03.学科試験の怖さ
製図試験の前には、ご存知のように学科試験があります。恥ずかしながら、学科試験にはこれまで何度も落ちました。総合点がありながら、1科目のみがあと1、2点足りない、という、私にとっては一番イヤな体験も2度ばかりあります。
なぜ、あと数点がとれないのか?
ひたすら、数をこなし、理解し、暗記して、本番でそれを発揮できさえすれば学科試験に合格できるものなのか?
かなりの量の学習を進めてきた、というのは、「つもり」にしかすぎない、つまり自分でそう思っているだけで、まだまだ足りなかったのか?二度目に学科の足きりにあったときは長い間、ひたすら、そのことを考えていました。
そのとき、ふと、「何のための試験なのか?」ということを思ったのです。一級建築士としての資質、というか、知識と技能、とは?
(この「知識と技能」というのは、毎年センターから公表される「採点区分」のコトバを用いています。)
求められるものは、建築物をつくりあげていくための力の基本となるもの。
人がいるから、建築がある。だから、人にとって快適で安全な建築物をつくっていくために必要となるもの。
そういう考え方にようやく気づいたとき、これまでつらいと思いながら、ただがむしゃらに学習してきたことが、遅まきながら、一気に繋がり始めたです。

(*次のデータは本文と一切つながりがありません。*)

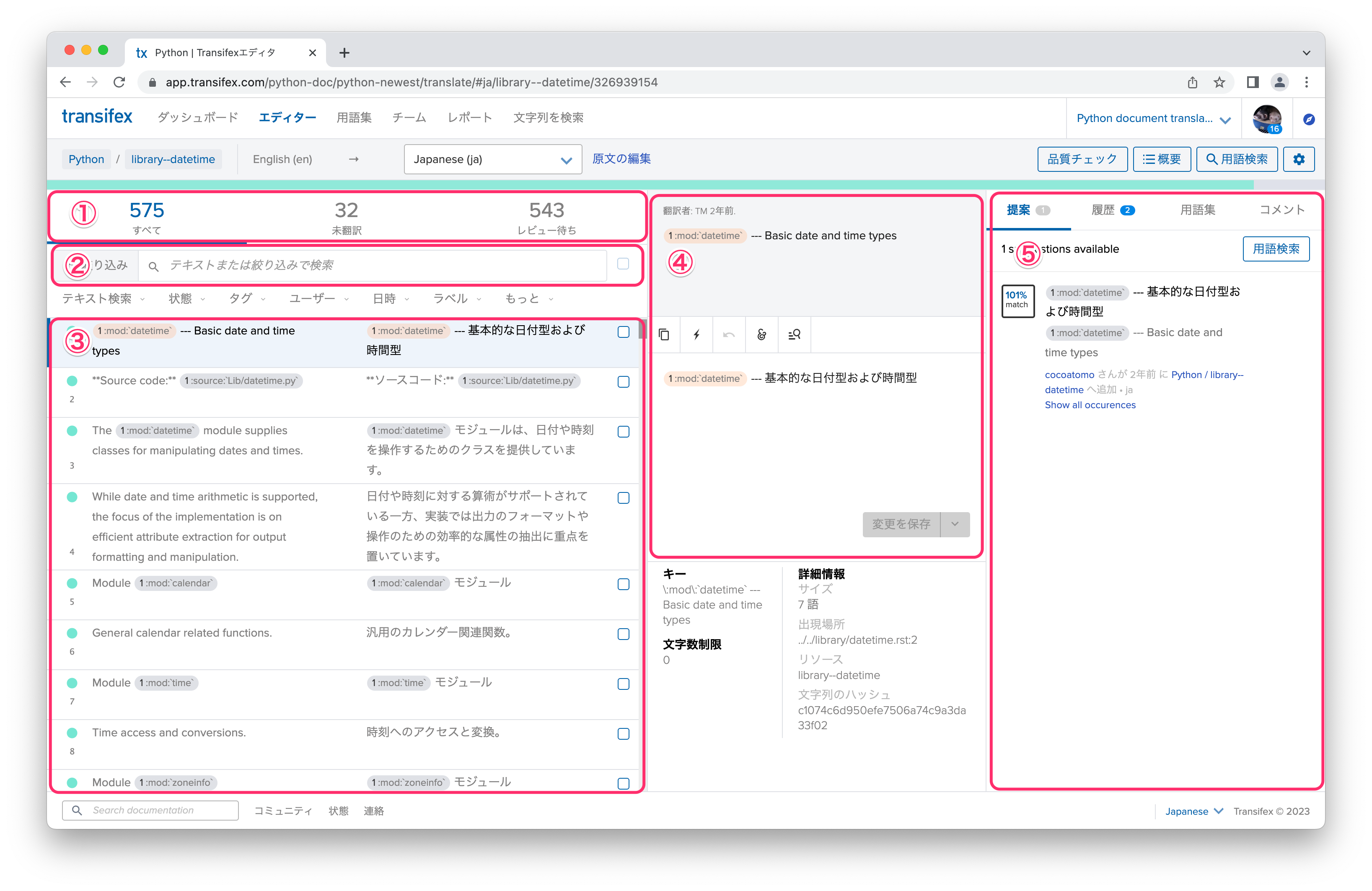 ここでは標準ライブラリのdatetimeのドキュメントを翻訳してみたいと思います。 検索ボックスに文字列を入力するとリソースを名前で絞り込めます。 「library--datetime」が対象のリソースなのでクリックします。

- 問われることのほとんどが、膨大な知識の基本となることであり、建築学のとっかかりにしかすぎないこと。
- なぜ、その項目が重要なことだったり、ポイントだったりするのか、ということ。
- 各科目はどこかでつながっていること。学科と製図がどこかでつながっていること。
もちろん繰り返しやって、覚えていかなければならないものはたくさんあります。でも、それに気づけたときに、資格学校で受身的に学習を進めていた私は少し変わりました。自分から積極的に攻めていくようになれたのだと思っています。